Pantallas por edades: una propuesta más realista que la prohibición total
Prohibir las pantallas por completo es hoy casi impracticable en la mayoría de las casas. Más útil que prohibir es saber cuánto, qué y cómo se ve.
Referencias por edad (la zona en la que coinciden las principales recomendaciones pediátricas)
- 0-18 meses: salvo videollamadas, mejor sin pantallas. A esta edad el aprendizaje depende casi por completo de la interacción con personas reales; del contenido «educativo» de una pantalla un bebé no se lleva nada
- 18-24 meses: si se introduce, elige contenido de calidad y míralo siempre con él, comentando lo que pasa
- 2-5 años: máximo una hora diaria de programas de calidad, y cuanto menos, mejor
- A cualquier edad: nada de pantallas la hora previa a dormir, sin pantallas en el dormitorio y sin pantallas durante las comidas
Tres cosas que importan más que los minutos
1. La diferencia de calidad entre contenidos es enorme.
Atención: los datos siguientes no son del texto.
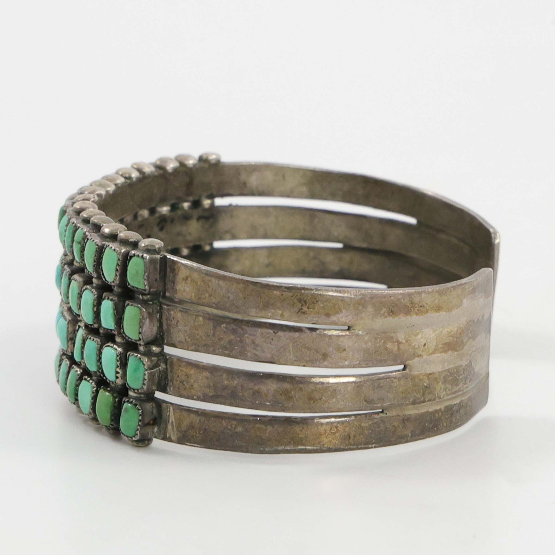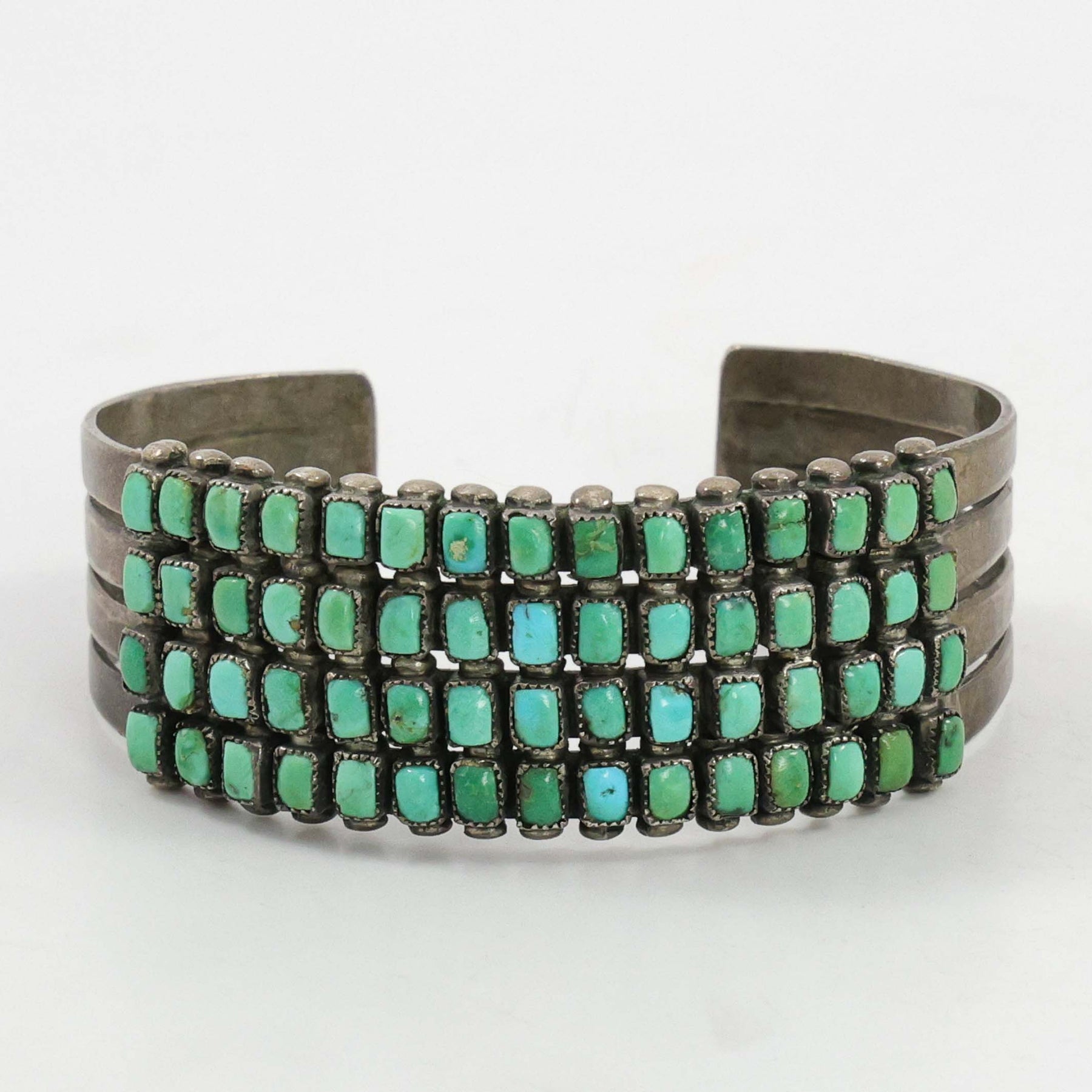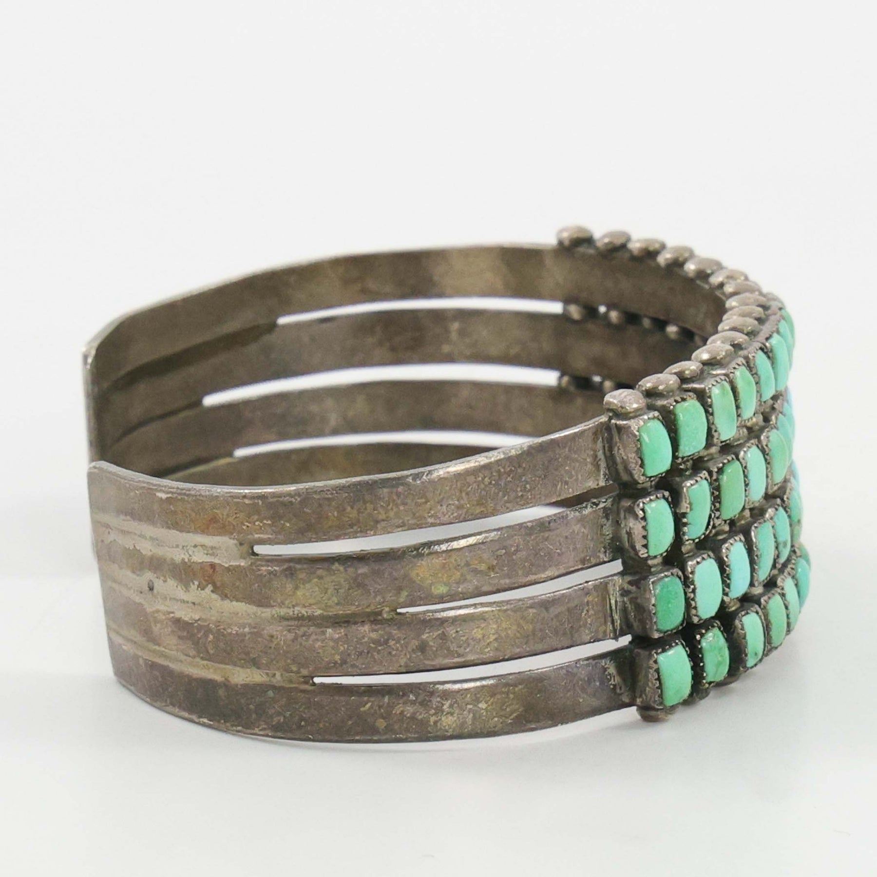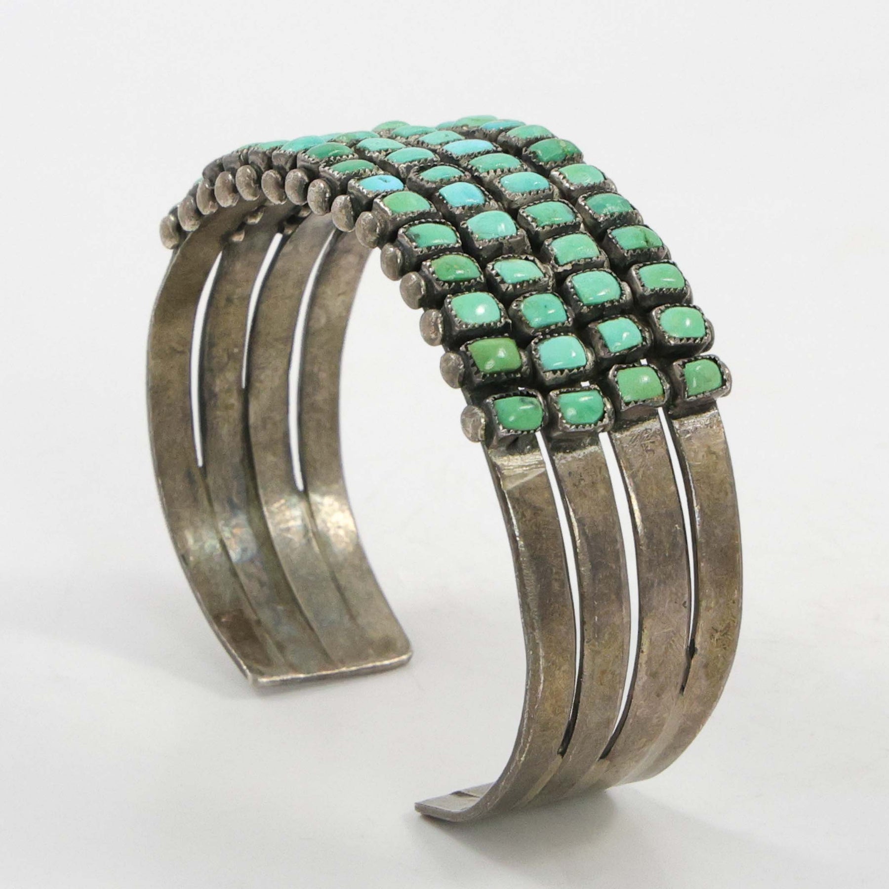 1930s Zuni Sterling Silver Cuff Bracelet set with Four Rows of Hand Cut Square Natural American Turquoise Stones.
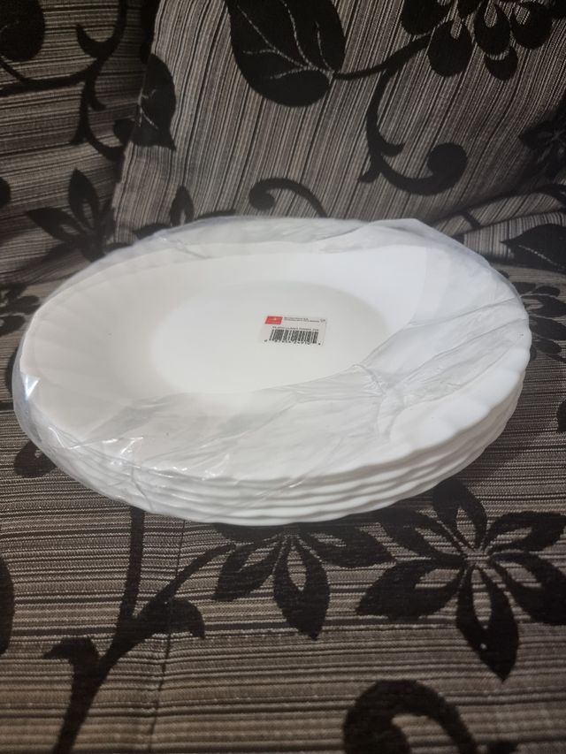 Vendesi, causa trasloco, set da 6 piatti piani di porcellana di Rocco Bormioli NUOVO, ancora imballati.
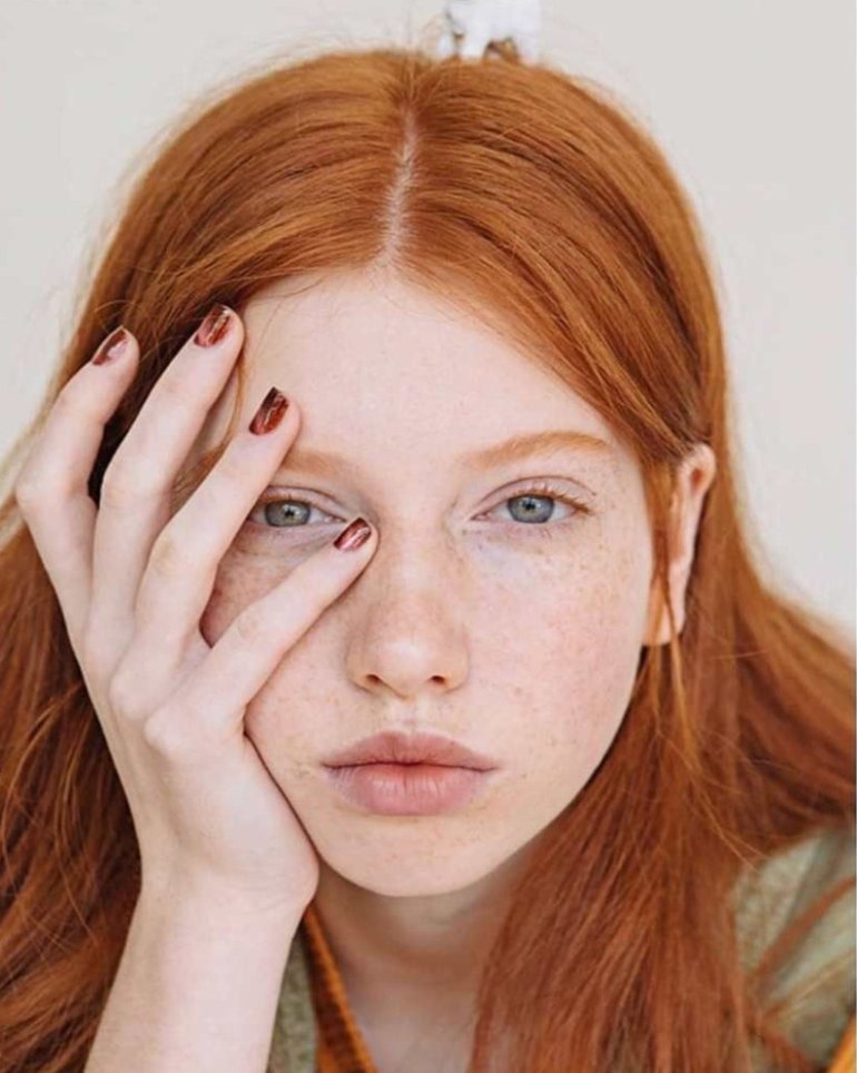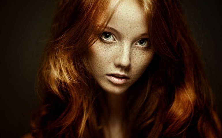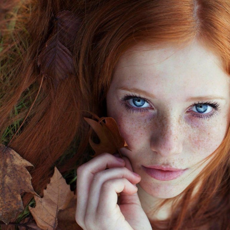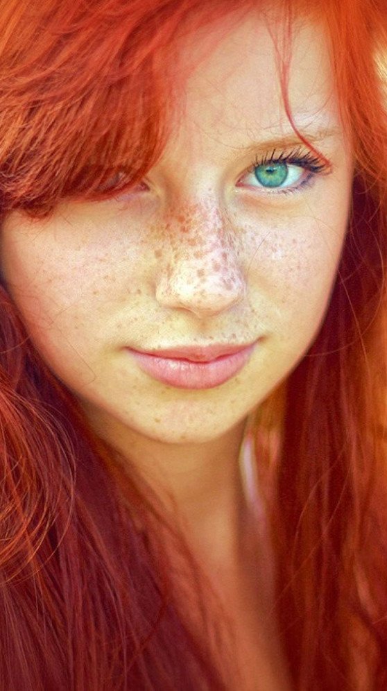 Рыжие и каштановые девушки с веснушками и сероватыми очами.
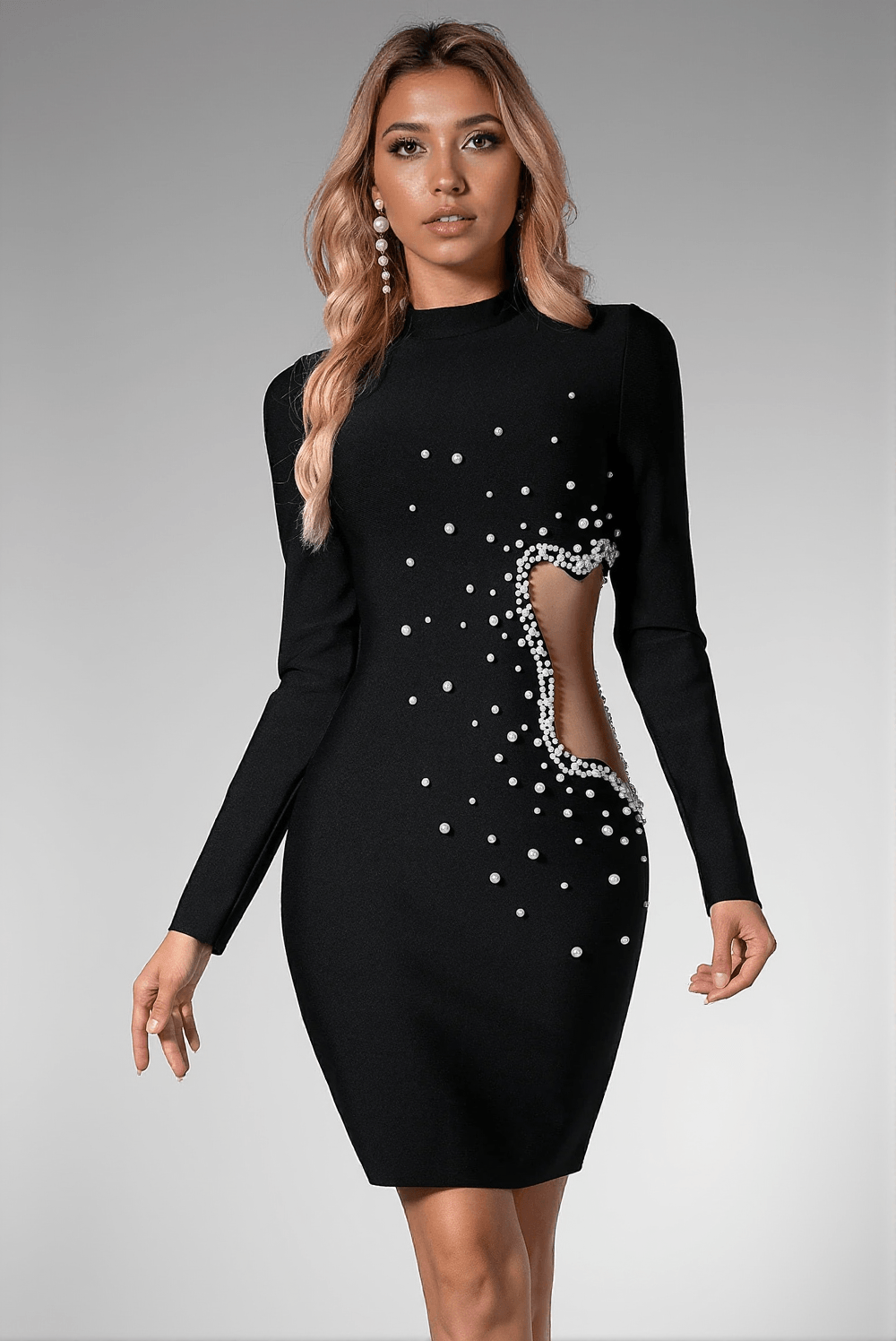 Elevate your evening wardrobe with the Danial Pearl Cutout Bandage Dress. This stunning, long-sleeved number features a body-hugging bandage design and intricate pearl embellishments that add an elegant touch of glamour to any special occasion.

Los programas de ritmo pausado, con tono conversacional y una narrativa clara (los que hacen preguntas, la animación lenta) son muchísimo mejores que el flujo de vídeos cortos con cortes rápidos y estímulos intensos. Un criterio práctico: al terminar, ¿el niño puede contar o imitar algo de lo que ha visto?
2. Ver juntos vale más que ver solo. Mirarlo con él y conectar el contenido con la vida real («¿ves?, esa es la excavadora que vimos ayer») es lo que puede dar valor de aprendizaje a una pantalla. Usar la tablet de canguro es otra cosa: hacerlo de vez en cuando no merece culpa, pero que no se convierta en el modo por defecto.
3. Qué está desplazando la pantalla. El verdadero coste de las pantallas es el coste de oportunidad: el sueño, el aire libre, la conversación y el juego libre que quedan fuera. Si esas cuatro cosas están cubiertas, una dosis moderada de pantalla no da tanto miedo; si no lo están, empieza por cubrirlas.
Reglas prácticas que funcionan
- Define «momentos sin pantalla» (comidas, antes de dormir) y «espacios sin pantalla» (el dormitorio), y que valgan para toda la familia — también para los adultos
- Di «hasta que acabe este capítulo» en vez de «20 minutos»: terminar por unidades narrativas genera muchos menos conflictos
- Desactiva la reproducción automática: corta físicamente el bucle infinito del «uno más»
- Tu propio uso del móvil es el ejemplo más potente: los niños aprenden de lo que haces, no de lo que dices
Una línea roja
No uses la pantalla como herramienta por defecto para calmar emociones. Si cada rabieta se apaga con la tablet, el niño pierde la oportunidad de practicar la autorregulación, que es justamente uno de los aprendizajes más importantes de esta etapa.
Los intervalos recomendados se basan en el consenso de las principales sociedades pediátricas. Cada familia tiene su realidad: acertar en la dirección importa más que la exactitud de la cifra.